1976-P: Physiological Effects of GIP(1-30)NH₂ in Healthy Subjects

The gut-derived incretin hormone glucose-dependent insulinotropic polypeptide (GIP) circulates in at least two active forms: GIP(1-42), which besides its insulinotropic effect during hyperglycemia stimulates glucagon secretion at low plasma glucose (PG) levels and decreases bone resorption, and GIP(1-30)NH₂. In vitro and rodent studies has shown similar physiological effects of GIP(1-30)NH₂ and GIP(1-42), but effects in humans remain unexplored. Here, we infused GIP(1-42) and GIP(1-30)NH₂ in humans to establish the physiological effects of GIP(1-30)NH₂.

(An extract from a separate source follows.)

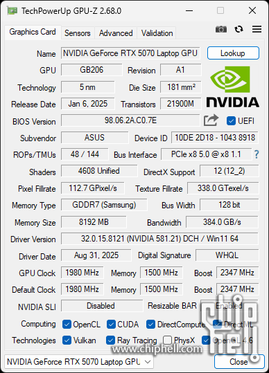 NVIDIA RTX 5070 Laptop GPU显示核心.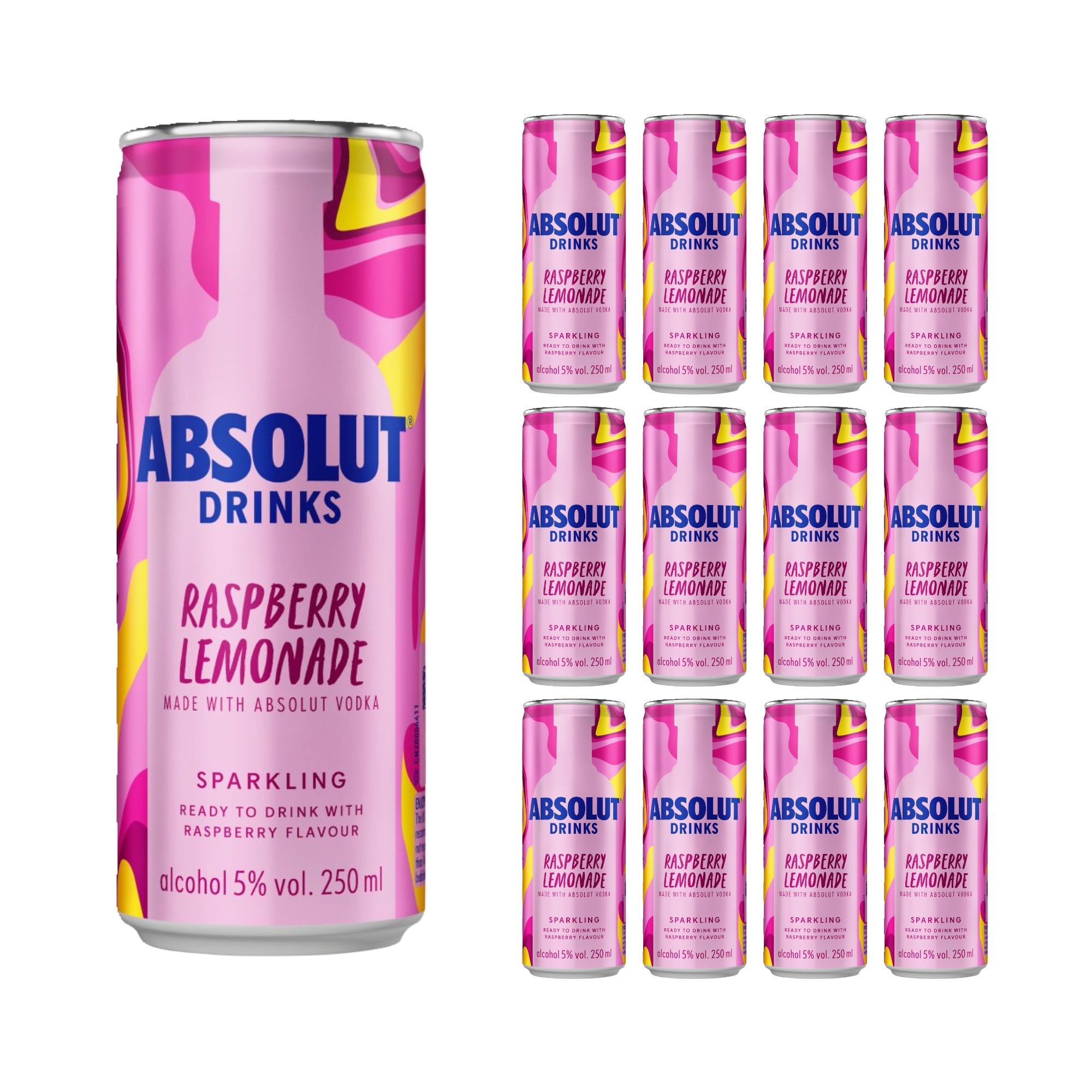 A pre-mixed, sparkling alcoholic beverage featuring Absolut Vodka blended with natural raspberry and lemon flavors.

On three separate days, 10 healthy men (mean age 23 (range 20-28) years, BMI 22.4 (20.0-25.2) kg/m²) received intravenous infusions of GIP(1-42), GIP(1-30)NH₂ and saline, respectively. Both peptides were infused at 4 pmol/kg/min during 200 minutes. After 20 minutes of infusion, PG was clamped at the fasting PG level (FPG) for 60 minutes, followed by 60 minutes at FPG × 1.5, and lastly 60 minutes at FPG × 2.

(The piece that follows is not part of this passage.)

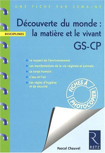 Cet ouvrage-ressource propose aux enseignants de GS et de CP 30 fiches photocopiables autour du monde du vivant et de la matière. Elles ont été conçues comme des fiches de découverte ou de synthèse à partir d’investigations et d’observations réalisées en classe ou dans un environnement proche. Elles peuvent également servir de support pour une évaluation. Conformément aux programmes de 2008, le fichier permet d’aborder : – Le respect de l’environnement : le tri et la durée de vie des déchets, les principaux gestes » éco-citoyens » ; – Les caractéristiques de la vie végétale et animale : les êtres vivants dans leur milieu, la croissance d’une graine de haricot, les différentes parties d’une plante, le besoin de lumière des végétaux, le déplacement des animaux… ; – Le corps humain : les cinq sens, le rôle des différents organes… ; – Des expériences autour de la matière : la transformation de l’eau, la différence entre l’eau et les liquides, l’air… ; – Quelques règles élémentaires d’hygiène et de sécurité. Le guide pédagogique présente l’objectif et le déroulement des séances, ainsi que les corrigés. La mise en œuvre est volontairement synthétique pour laisser à l’enseignant le soin d’adapter chaque fiche à son projet de classe ou aux besoins de ses élèves. Un matériel prêt à l’emploi pour mettre en œuvre efficacement l’enseignement de la matière et du vivant en classe.

There were no differences in PG levels between the three interventions, but significantly more glucose was needed for the clamp with GIP(1-42) compared to saline (P = 0.022). Plasma levels of GIP(1-30)NH₂ reached a mean (± SD) of 31.4 ± 29.9 pmol/l and GIP(1-42) of 97.8 ± 27.9 pmol/l. Despite this difference, both infusions resulted in robust and glucose-dependent insulin responses (as assessed by serum C-peptide) with no differences between the two peptide infusions (P = 0.187), and at FPG level only GIP(1-30)NH₂ resulted in higher glucagon levels than saline (P = 0.0302). At 180 minutes, the bone resorption marker carboxy-terminal collagen I crosslinks (CTX) was suppressed to 61 ± 13% of baseline values during saline, 42 ± 16% during GIP(1-30)NH₂, and 29 ± 6% during GIP(1-42) (P < 0.001).

We conclude that, like GIP(1-42), GIP(1-30)NH₂ is a potent insulinotropic (at high PG levels), glucagonotropic (at low PG levels) and bone resorption-inhibiting hormone in healthy subjects.